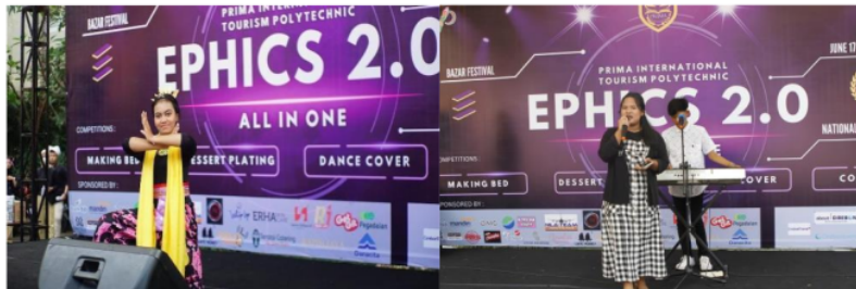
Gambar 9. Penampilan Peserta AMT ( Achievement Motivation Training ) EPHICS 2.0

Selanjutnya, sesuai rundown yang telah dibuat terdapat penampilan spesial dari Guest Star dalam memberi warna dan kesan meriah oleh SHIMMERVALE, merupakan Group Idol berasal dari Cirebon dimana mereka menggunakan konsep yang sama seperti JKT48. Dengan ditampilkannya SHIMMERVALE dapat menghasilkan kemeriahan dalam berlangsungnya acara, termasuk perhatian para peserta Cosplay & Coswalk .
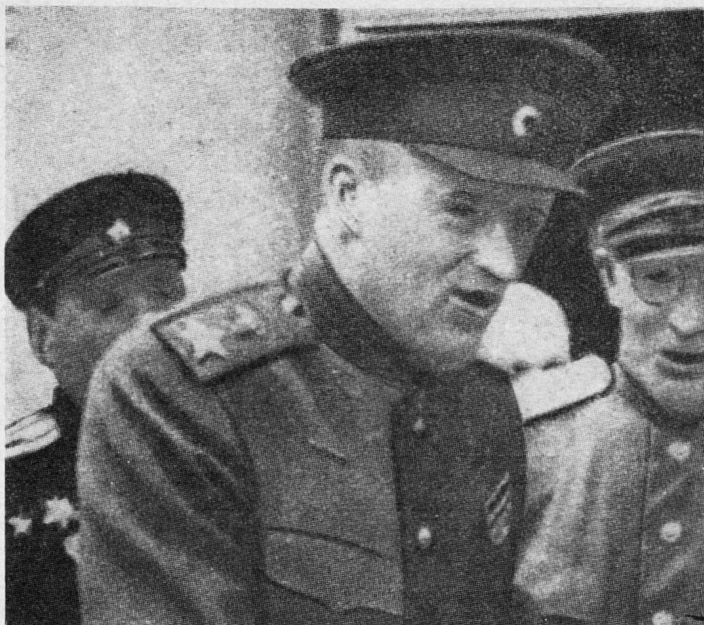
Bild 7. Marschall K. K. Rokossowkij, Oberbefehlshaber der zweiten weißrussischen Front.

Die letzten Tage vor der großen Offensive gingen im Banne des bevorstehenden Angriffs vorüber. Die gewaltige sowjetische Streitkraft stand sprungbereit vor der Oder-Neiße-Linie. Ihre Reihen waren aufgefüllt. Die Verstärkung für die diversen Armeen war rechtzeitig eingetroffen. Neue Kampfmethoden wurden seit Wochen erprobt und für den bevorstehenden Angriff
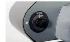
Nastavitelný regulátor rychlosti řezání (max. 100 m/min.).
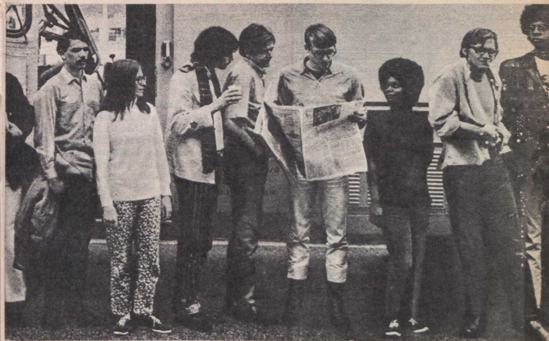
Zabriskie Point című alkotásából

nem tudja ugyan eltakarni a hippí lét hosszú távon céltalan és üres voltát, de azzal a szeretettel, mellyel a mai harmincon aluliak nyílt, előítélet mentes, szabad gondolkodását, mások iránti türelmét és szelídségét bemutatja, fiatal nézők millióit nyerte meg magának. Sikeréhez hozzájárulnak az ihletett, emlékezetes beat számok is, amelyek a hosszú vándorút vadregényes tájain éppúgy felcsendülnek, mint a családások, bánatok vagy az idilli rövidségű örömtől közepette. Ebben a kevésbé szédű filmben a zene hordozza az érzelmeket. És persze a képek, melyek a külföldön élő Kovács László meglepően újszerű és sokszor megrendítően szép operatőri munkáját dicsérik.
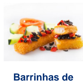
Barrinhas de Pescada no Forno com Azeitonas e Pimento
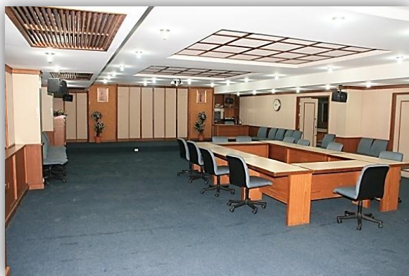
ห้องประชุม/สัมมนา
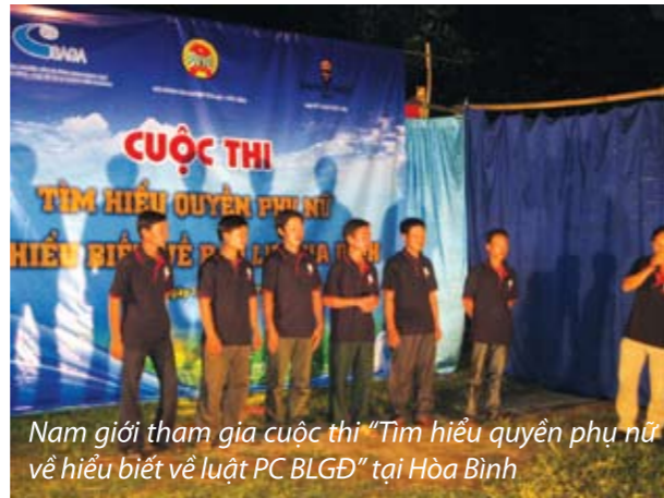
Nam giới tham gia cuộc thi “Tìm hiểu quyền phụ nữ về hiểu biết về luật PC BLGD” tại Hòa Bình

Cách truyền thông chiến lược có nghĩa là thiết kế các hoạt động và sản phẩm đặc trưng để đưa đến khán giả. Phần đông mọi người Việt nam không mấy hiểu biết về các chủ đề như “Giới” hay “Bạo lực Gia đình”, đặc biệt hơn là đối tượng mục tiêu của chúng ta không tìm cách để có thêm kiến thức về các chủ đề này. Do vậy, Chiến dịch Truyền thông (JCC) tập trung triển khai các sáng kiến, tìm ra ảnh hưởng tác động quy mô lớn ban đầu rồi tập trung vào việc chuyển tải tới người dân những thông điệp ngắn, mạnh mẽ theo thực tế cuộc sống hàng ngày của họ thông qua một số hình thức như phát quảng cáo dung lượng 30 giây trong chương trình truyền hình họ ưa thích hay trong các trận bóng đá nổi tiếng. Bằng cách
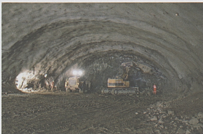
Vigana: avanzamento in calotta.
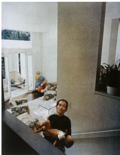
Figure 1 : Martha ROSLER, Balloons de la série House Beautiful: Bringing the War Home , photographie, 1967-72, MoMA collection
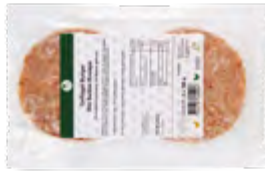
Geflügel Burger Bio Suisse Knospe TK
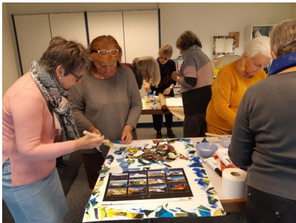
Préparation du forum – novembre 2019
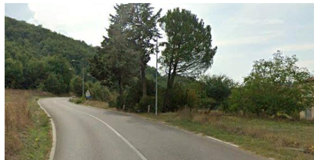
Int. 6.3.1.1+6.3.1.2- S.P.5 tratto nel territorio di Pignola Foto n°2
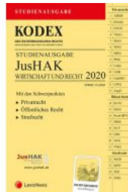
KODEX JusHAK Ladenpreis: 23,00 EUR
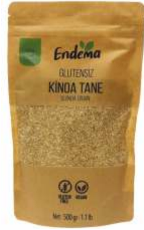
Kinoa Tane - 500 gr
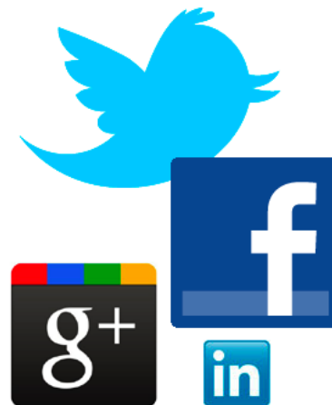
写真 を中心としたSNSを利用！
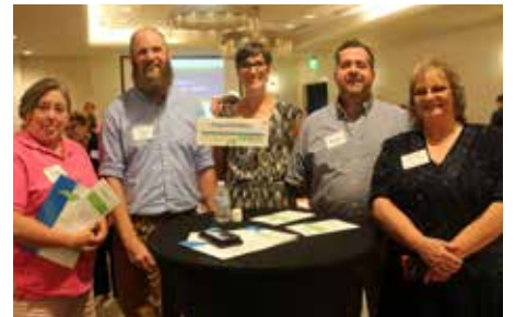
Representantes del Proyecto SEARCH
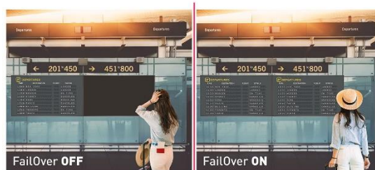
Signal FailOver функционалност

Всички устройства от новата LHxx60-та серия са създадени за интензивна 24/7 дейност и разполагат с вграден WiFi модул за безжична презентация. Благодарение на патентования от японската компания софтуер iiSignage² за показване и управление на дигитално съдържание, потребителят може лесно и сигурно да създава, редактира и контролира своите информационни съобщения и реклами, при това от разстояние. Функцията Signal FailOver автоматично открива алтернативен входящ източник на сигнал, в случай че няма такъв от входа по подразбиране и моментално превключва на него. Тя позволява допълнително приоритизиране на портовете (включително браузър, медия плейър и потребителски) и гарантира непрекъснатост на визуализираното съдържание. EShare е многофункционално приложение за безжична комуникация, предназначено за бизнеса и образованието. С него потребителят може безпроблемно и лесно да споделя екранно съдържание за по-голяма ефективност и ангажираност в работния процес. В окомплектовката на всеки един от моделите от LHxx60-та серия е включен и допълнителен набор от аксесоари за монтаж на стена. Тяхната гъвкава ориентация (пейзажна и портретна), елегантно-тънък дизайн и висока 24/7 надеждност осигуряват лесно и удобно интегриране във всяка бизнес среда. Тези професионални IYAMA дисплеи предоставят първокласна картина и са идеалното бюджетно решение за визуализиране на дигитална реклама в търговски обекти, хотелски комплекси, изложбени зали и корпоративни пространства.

=======

Task to complete: I'd like the lines above repeated exactly, from the one that contains "Kinoa Tane - 500 gr" through the one that contains "Signal FailOver функционалност", with no pictures.

Output below:
Kinoa Tane - 500 gr
写真 を中心としたSNSを利用！
Representantes del Proyecto SEARCH
Signal FailOver функционалност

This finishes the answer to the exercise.